Governing carbon offset credit markets is tricky business. Upstream, credit buyers (usually corporations) try to use the market to avoid carbon reductions at home. Downstream, governments try to extract excessive rents from the sale of credits. Midstream, brokers and financiers intermediate the exchange between buyers and sellers with ever-more complex carbon market securities and derivatives. And to top it all off, these dynamics play out in any number of institutional realms, ranging from sovereign nation states to international treaty administrations (e.g. the famous Article 6).
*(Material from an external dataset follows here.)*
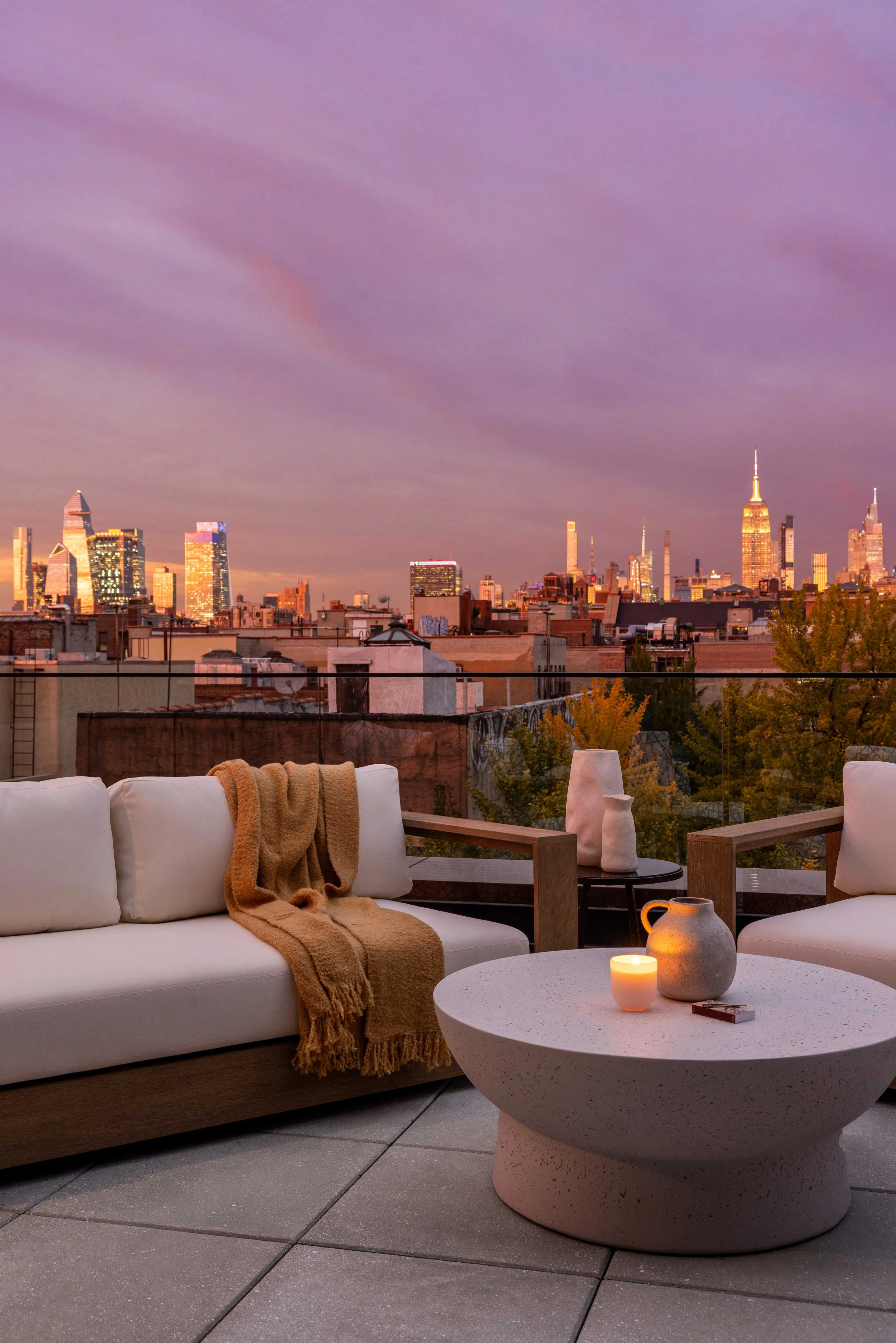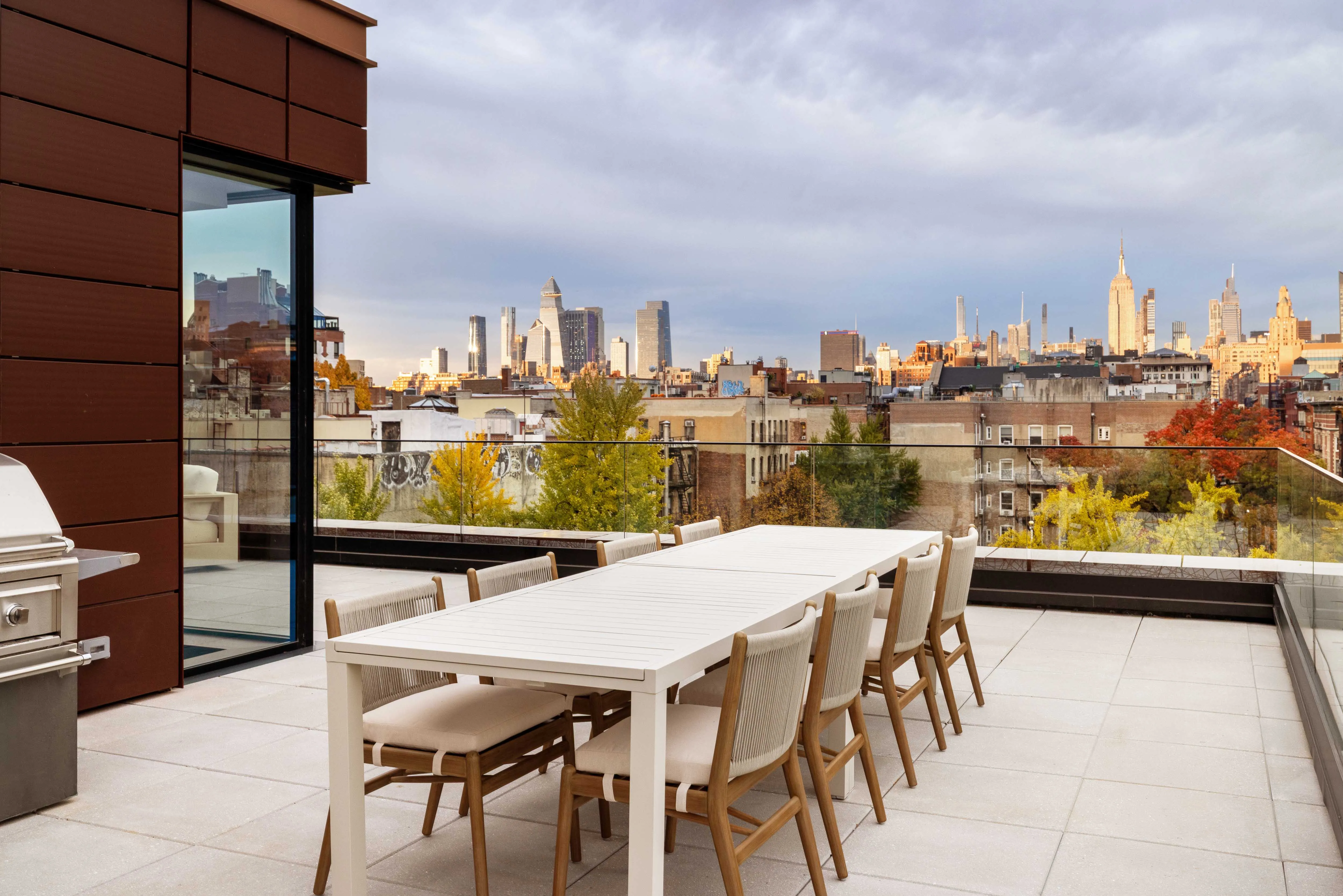 The living and entertaining spaces are located on the upper level, where from the moment you enter the residence, you are greeted by panoramic views of the midtown skyline. The living room is encased in floor-to-ceiling windows looking out onto a 1,000+ Sq. Ft. wrap-around terrace.

The pressure is high, because so much is expected of governance. Carbon markets are dynamic, complex systems with unpredictable, emergent outcomes. Those trying to impose order through top-down design very quickly meet the harsh realities of unpredicted consequence. The only way to get carbon markets to work is to let them evolve as a function of constant feedback, complete transactional transparency, and constant consideration of the entire system, upstream to downstream. This, of course, is the essence of modern adaptive governance.
With COP 26 around the corner this Fall, a number of voluntary carbon market design efforts are underway (presumably with the expectation that they blaze the trail for compliance markets down the road), including the Task Force for Scaling Voluntary Carbon Markets (TSVCM) and the Voluntary Carbon Markets Integrity Initiative (VCMI). Both efforts have used extensive outreach and expert consultation, and they focus on the integrity of voluntary carbon credit and the efficiency of the markets in which they are traded.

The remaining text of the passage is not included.